Ознакомительная версия.
Неизвестно, сколько прошло времени, прежде чем Гласс вновь пришел в сознание. Первое, что он почувствовал, было жжение его ран. Казалось, кто-то специально, сантиметр за сантиметром, расковыривает их. Каждое прикосновение приносило мучительный укол боли, но затем отчего-то становилось легче. Гласс попытался поднять глаза. Оказалось, что это не так-то просто. Веки были словно свинцовые. Прищурившись, траппер заметил, что чья-то тень загораживает его от холодных лучей уже стоящего высоко солнца. Присмотревшись, он понял, что это волк. Инстинкты сработали первыми. Гласс, как мог, сгруппировался и откатился в сторону. Поскольку берег был пологим, неудивительно, что траппер свалился прямо в бурную реку.

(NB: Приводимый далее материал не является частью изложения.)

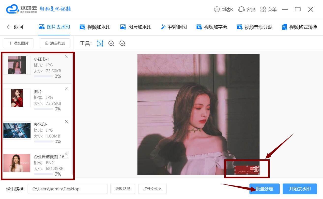步驟3,框選完成后,點(diǎn)擊“開始去水印”,等待處理,完成后會有提示框顯示處理完成,會默認(rèn)保存到電腦桌面。W2k菜譜美食網(wǎng)-眾歸云 - 24小時不關(guān)機(jī)的云端電腦_云主機(jī)_VPS掛機(jī)寶_免費(fèi)掛機(jī)寶_0.1元試用,3-5元月租服務(wù)器提供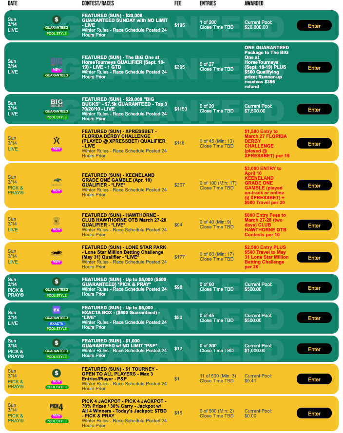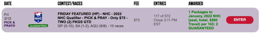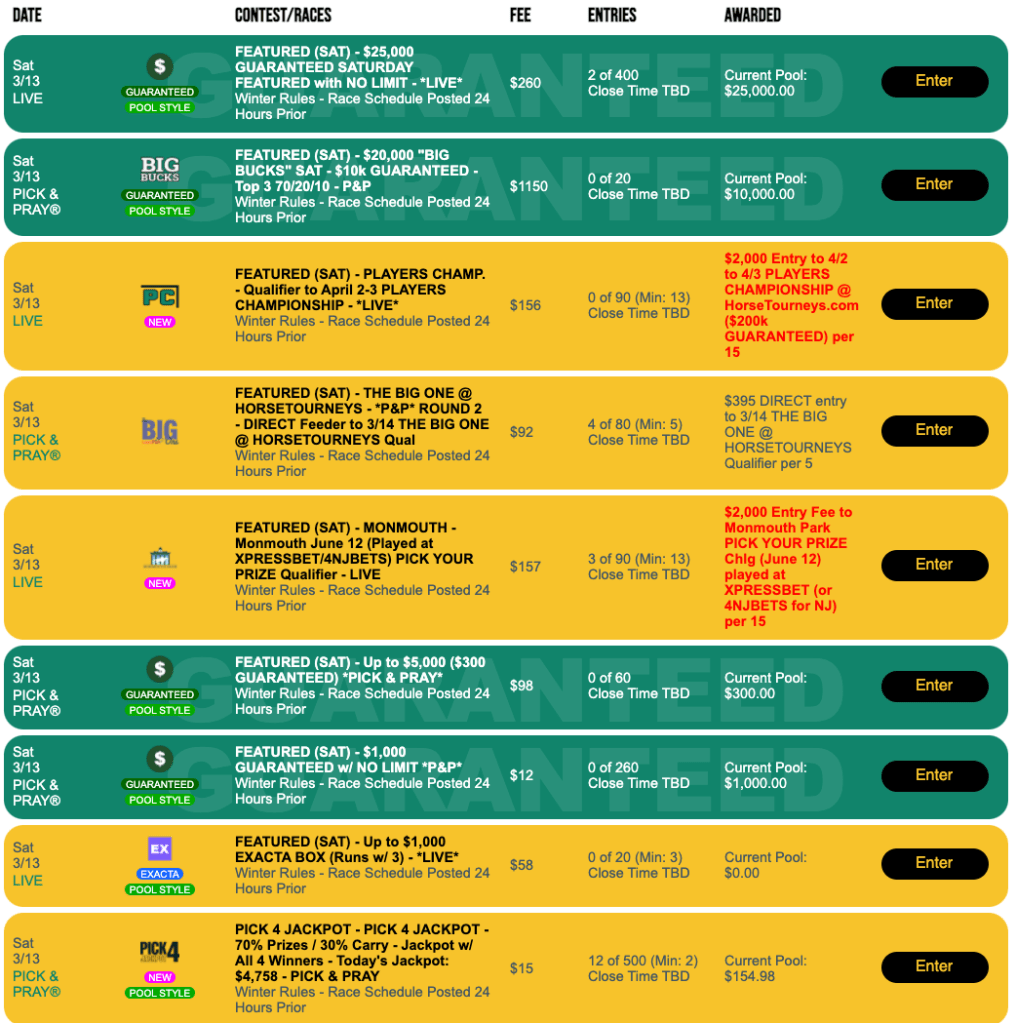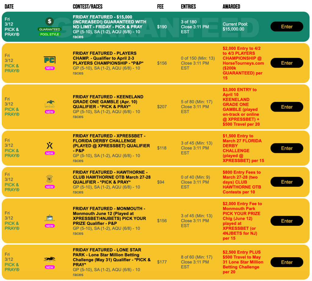 Two new tourneys join the lineup of qualifiers on Friday. One is to the Florida Derby Challenge at Xpressbet. On March 27th (Florida Derby Day), an entry will set you back $1,500. You can acquire one for $118, however, in Friday’s Pick & Pray, which has a winning ratio of 1 per 15.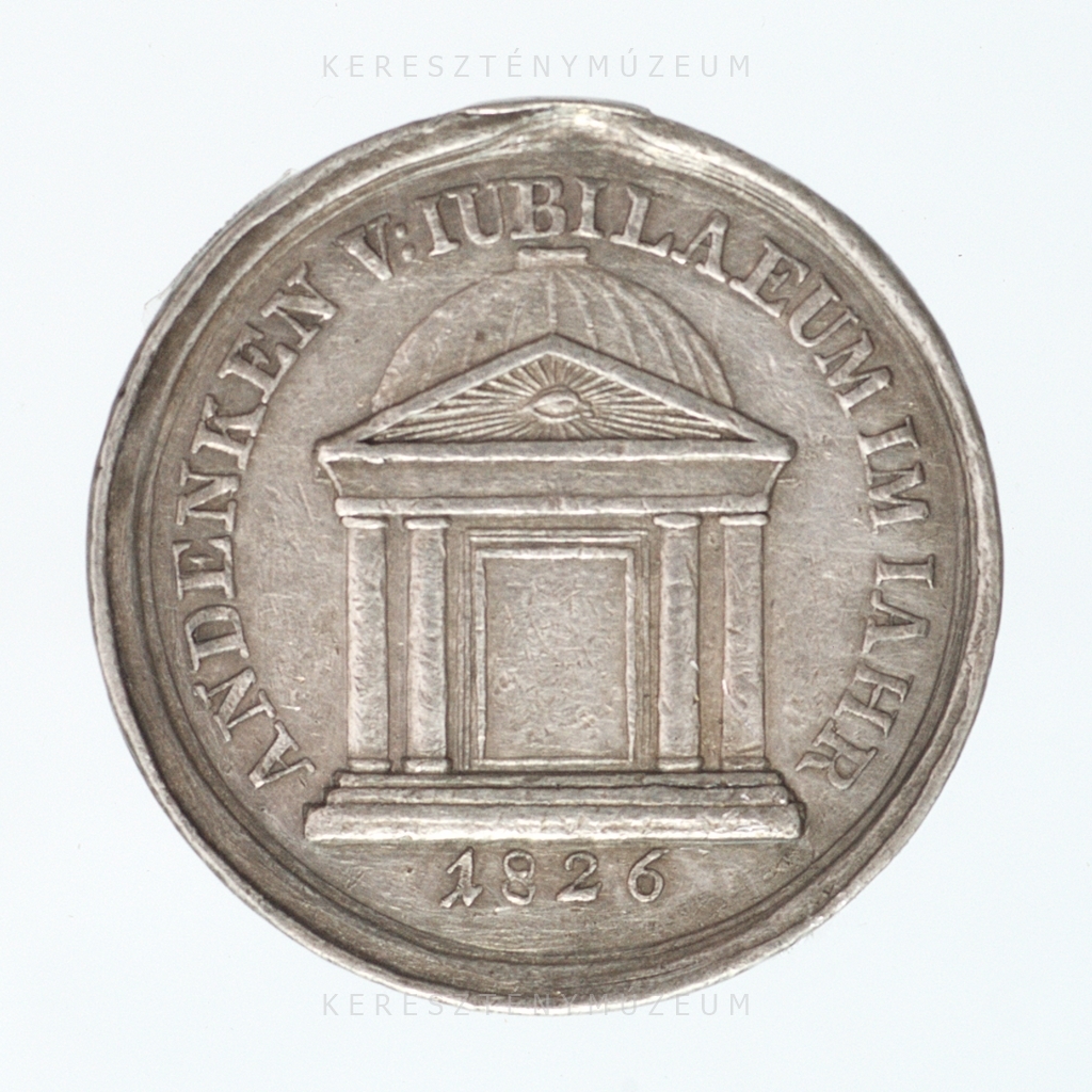 Jubileumi érem, amelyet 1826-ban vertek Ausztriában, a Szentév meghosszabbításának és Ausztriára való kiterjesztésének emlékére. Előlap: a pápa arcképe, bal profilból, áldó kéztartással. Vállán palást, fején tiara. Hátlap: kupolás oszlopcsarnokos, timpanonos templom nyitott bejárata. A felirat német nyelű: "Az 1826-os jubileumi év emlékére"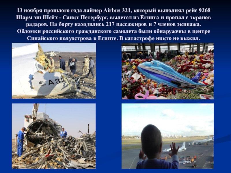 Слайд 2413 ноября прошлого года лайнер Airbus 321, который выполнял рейс 9268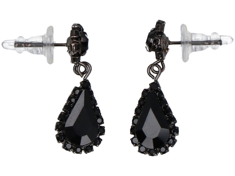 El gótico es un conjunto de joyería expresivo creado para las amantes de los acentos más fuertes. El collar y los pendientes de presión, adornados con circonitas negras, terminan con una gran piedra en forma de gota. Un conjunto que añade un brillo mister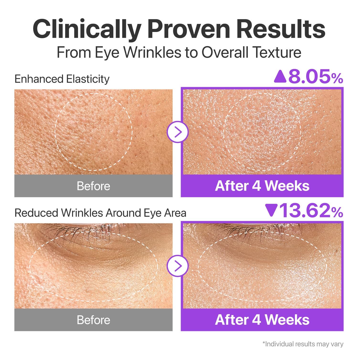 [CLINICALLY TESTED] Clinically proven to reduce 11 types of wrinkles (forehead lines, frown lines, crow’s feet, tear troughs, bunny lines, lip lines, smile lines, marionette lines, mouth frown, chin wrinkles, and neck lines) in just 4 weeks.

Ледяная вода моментально вернула траппера в реальность. Слишком яркие дневные краски резали глаза, а раны, казалось, кипели от боли. Волк задумчиво посмотрел на траппера и решил побежать прочь. Спустя несколько часов Гласс горько сожалел о том, что не убил зверя. Сейчас же Гласс благодарил посланное небом животное. Волк не просто вернул его из беспамятства. Осмотрев себя, Гласс понял, что животное вылизывало его загноившиеся раны от червей и личинок. Все пропитанные кровью раны буквально кишели насекомыми. Благодаря «заботе» Бриджера вместо того, чтобы греться на солнце, Гласс был надежно укрыт мокрой листвой и ветками. Тело его промокло, раны еще сильнее нагноились, а насекомые приняли его за труп. Ладно, когда люди списывают тебя со счетов, но насекомые – это уже перебор. Траппер усмехнулся собственным мыслям и принялся сдирать с себя одежду и грязные бинты, сделанные из разорванных рубашек.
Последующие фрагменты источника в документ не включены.